Records from a collection:
- - -

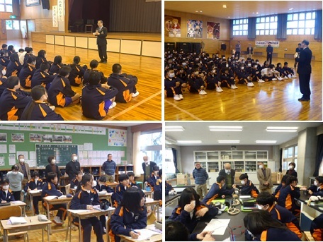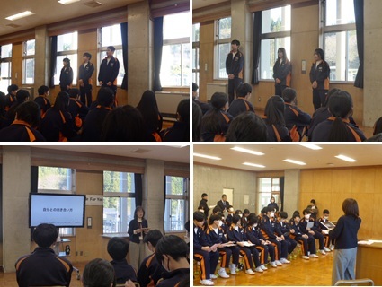 19日(金)、1・2年生合同集会を開催しました。次年度の生徒会組織づくりに向けた内容で、新二役からは、目指す学校像や公約の再確認が行われ、協力してほしいことや積極的な参加を呼びかける熱い思いが伝えられました。また、現総務委員や専門委員長の3年生からは、活動内容ややりがいが語られ、よりよい学校づくりをしっかり引き継いでほしいというエールが送られました。新総務委員・専門委員長選出に向けた面接は、新年1月に実施予定です。同日、3年生のKYB活動を行いました。糸魚川市教育委員会スクールソーシャルワーカーの細井 広子 様を講師にお迎えし、「自分との向き合い方」をテーマに御講演いただきました。受検を控える3年生にとって、まさに「自分事」となる内容で、生徒たちは大きくうなずきながら、真剣にメモを取り、話に耳を傾けていました。講演を参考に、これからの数か月、自分と上手に向き合って過ごしてほしいと思います。
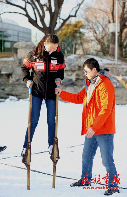 為了更好地將冰雪趣味健身賽事、冰雪健身體驗(yàn)活動(dòng)等送到全市各族群眾身邊,北京市民族傳統(tǒng)體育協(xié)會(huì)創(chuàng)造性地將綾球、高腳競(jìng)速及板鞋競(jìng)速等少數(shù)民族傳統(tǒng)體育項(xiàng)目與冬季冰雪相結(jié)合,整理、發(fā)展了雪地綾球、雪地高腳、雪地板鞋等項(xiàng)目,在現(xiàn)場(chǎng)進(jìn)行展示交流,吸引大批群眾熱情參與。
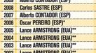 Nota (*): Em 2006 declarado vencedor após desclassificação de Floyd Landis devido a doping; em 2010 declarado vencedor após desclassificação de Alberto Contador;
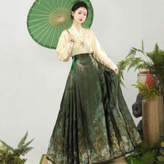 【春秋衣典】竹影 明制汉服女织金妆花马面裙飞机袖套装改良汉服¥ 199
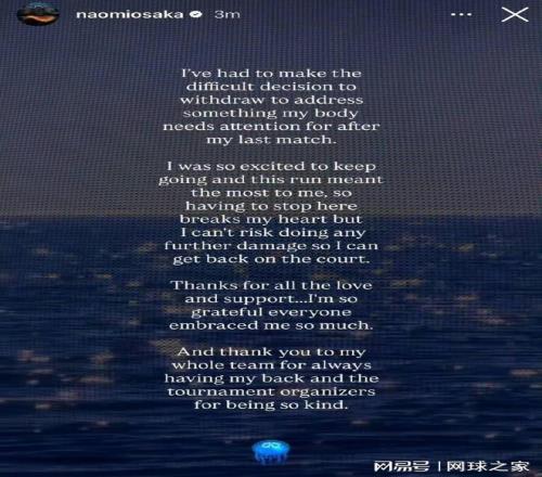 大坂直美在退赛声明中表示,这一决定是基于身体状况的考量:“经过艰难的考量,我不得不做出退赛的决定,以便在上一场比赛后,给我的身体一些急需的关注。”
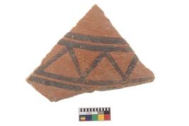 | Description / विवरण | A fragment of a potsherd. It is reddish in colour with black decorative geometric painting on it. |
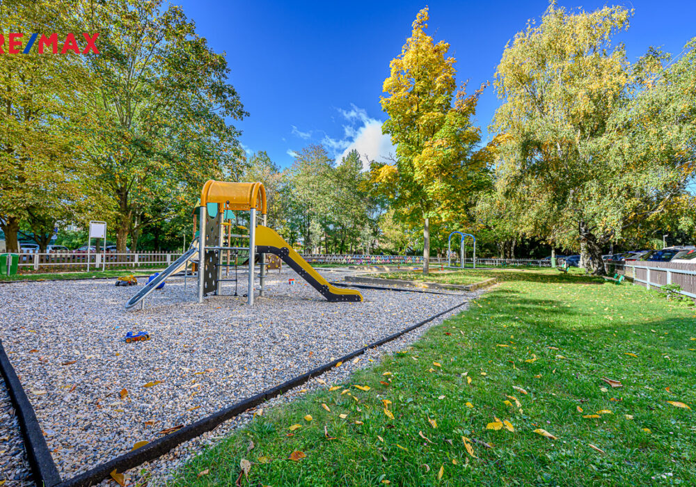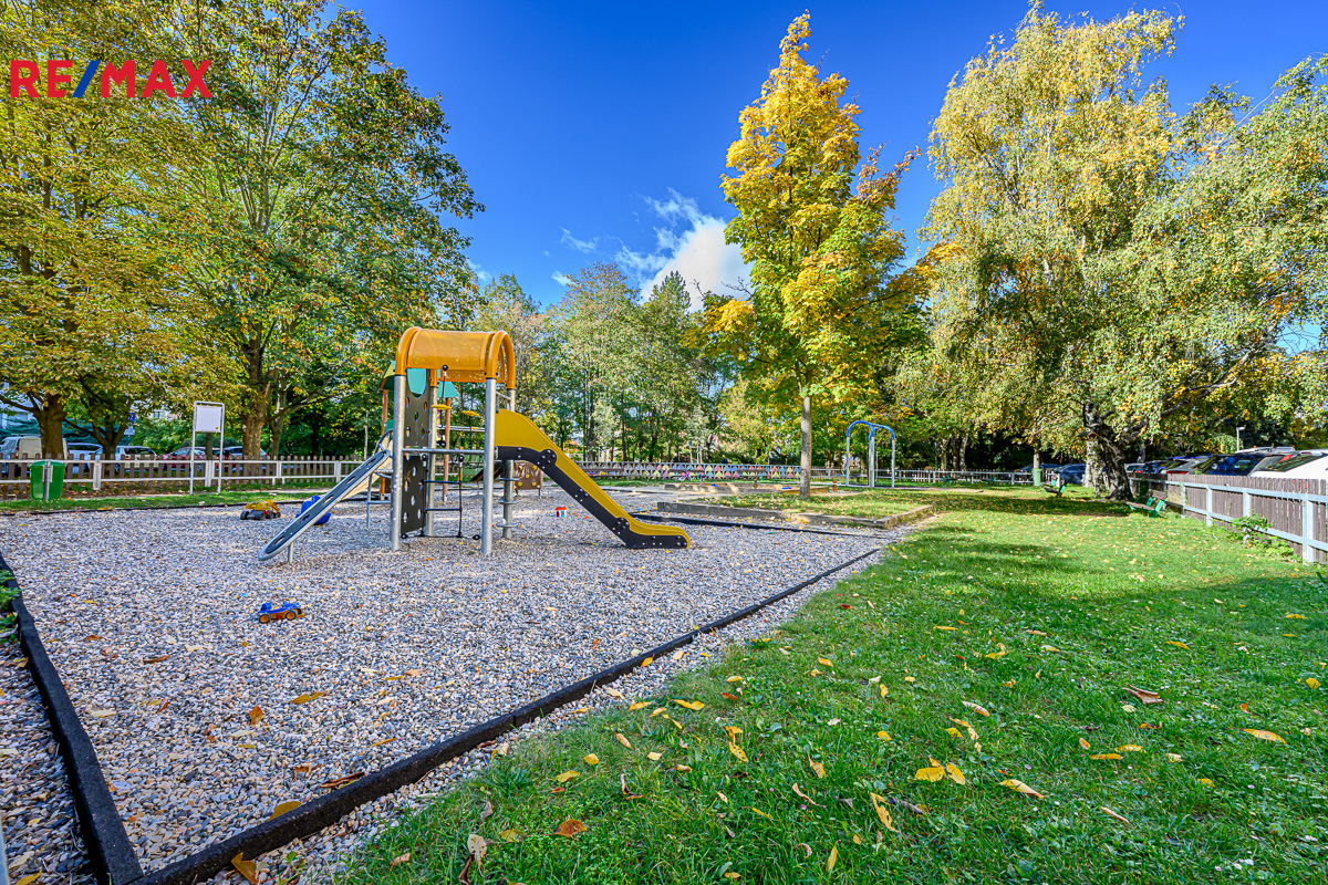 V okolí domu je spousta zeleně, dětské hřiště a klid.

- - -

Your instructions: Only the lines from the one holding "為了更好地將冰雪趣味健身賽事" through the end of the records belong in the answer, copied exactly and without pictures.

Solution for this task:
 為了更好地將冰雪趣味健身賽事、冰雪健身體驗(yàn)活動(dòng)等送到全市各族群眾身邊,北京市民族傳統(tǒng)體育協(xié)會(huì)創(chuàng)造性地將綾球、高腳競(jìng)速及板鞋競(jìng)速等少數(shù)民族傳統(tǒng)體育項(xiàng)目與冬季冰雪相結(jié)合,整理、發(fā)展了雪地綾球、雪地高腳、雪地板鞋等項(xiàng)目,在現(xiàn)場(chǎng)進(jìn)行展示交流,吸引大批群眾熱情參與。
 Nota (*): Em 2006 declarado vencedor após desclassificação de Floyd Landis devido a doping; em 2010 declarado vencedor após desclassificação de Alberto Contador;
 【春秋衣典】竹影 明制汉服女织金妆花马面裙飞机袖套装改良汉服¥ 199
 大坂直美在退赛声明中表示,这一决定是基于身体状况的考量:“经过艰难的考量,我不得不做出退赛的决定,以便在上一场比赛后,给我的身体一些急需的关注。”
 | Description / विवरण | A fragment of a potsherd. It is reddish in colour with black decorative geometric painting on it. |
 V okolí domu je spousta zeleně, dětské hřiště a klid.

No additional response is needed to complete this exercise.